Exercise aim
An exact copy is all that is wanted: the lines from the one with "Experience the joy" through the end of the listing below, both included, minus any pictures.

Records provided: Begin

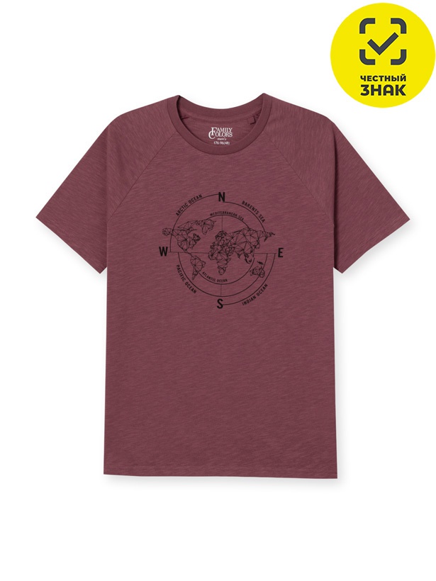 Футболка из полотна ФЛАМ ЭФФЕКТ (неравномерная пряжа) среднего объема с коротким рукавом реглан. На полочке принт "КАРТА ОКЕАНОВ" По горловине притачная обтачка из рибаны с эластаном. Шов по горловине спинки закрыт экстрафорной лентой.
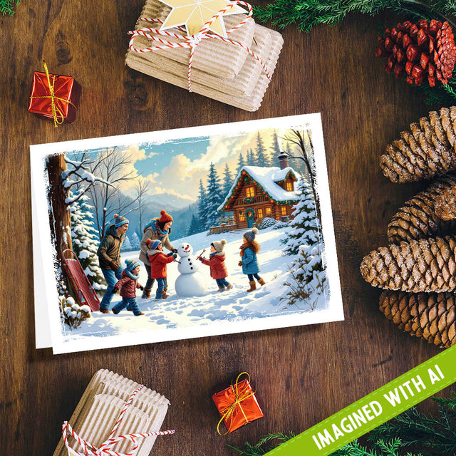 Experience the joy of winter with this heartwarming card featuring a family delighting in a snowy day. As they build a cheerful snowman, laughter fills the air, capturing the essence of togetherness and holiday spirit.
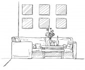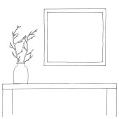 Szkic wnętrza. Stół, stolik, półkę z różnych elementów wnętrza. Może służyć jako mock up. Ramki dla grafiki.
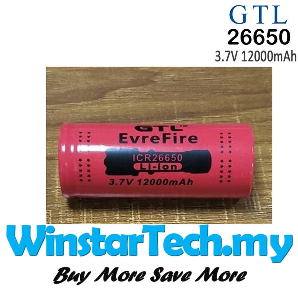 GTL EvreFire Ultrafire 100% New Original 26650 battery 3.7 v 12000mah 7800mah 26650 Lithium Rechargeable Battery
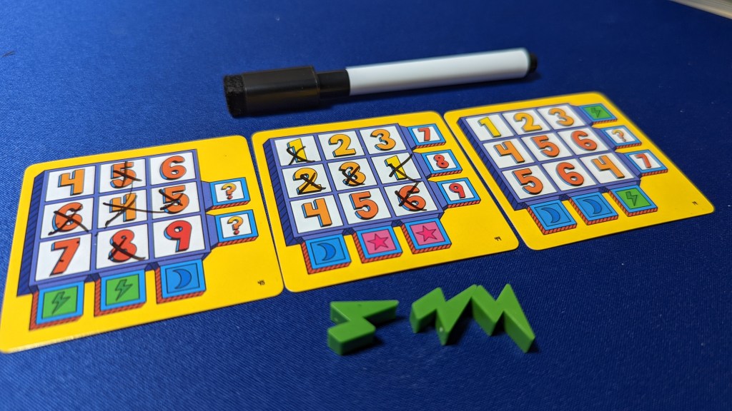 In the Super Mega Lucky Box… box you will find the rulebook, dry erase markers with eraser caps, Super Mega Score Cards, Lucky Box Cards, lightning bolts, moons and 18 number cards (numbered 1-9 twice). The components are easily stored and the cards are of sturdy quality and are easily erased (which is very important for a dry erase card). Being avid board gamers we always appreciate when a game is packaged in as little space as possible to save shelf space. The markers write well and the erasers on the caps are always appreciated, saves a little time and makes it less likely to accidentally lose wipes that sometimes come separately. The moon and lightning bolts are hard molded plastic and while you can see where the pieces are cut off the mold, it does not affect gameplay and is minor.

Records provided: End

Answer to the problem
 Experience the joy of winter with this heartwarming card featuring a family delighting in a snowy day. As they build a cheerful snowman, laughter fills the air, capturing the essence of togetherness and holiday spirit.
 Szkic wnętrza. Stół, stolik, półkę z różnych elementów wnętrza. Może służyć jako mock up. Ramki dla grafiki.
 GTL EvreFire Ultrafire 100% New Original 26650 battery 3.7 v 12000mah 7800mah 26650 Lithium Rechargeable Battery
 In the Super Mega Lucky Box… box you will find the rulebook, dry erase markers with eraser caps, Super Mega Score Cards, Lucky Box Cards, lightning bolts, moons and 18 number cards (numbered 1-9 twice). The components are easily stored and the cards are of sturdy quality and are easily erased (which is very important for a dry erase card). Being avid board gamers we always appreciate when a game is packaged in as little space as possible to save shelf space. The markers write well and the erasers on the caps are always appreciated, saves a little time and makes it less likely to accidentally lose wipes that sometimes come separately. The moon and lightning bolts are hard molded plastic and while you can see where the pieces are cut off the mold, it does not affect gameplay and is minor.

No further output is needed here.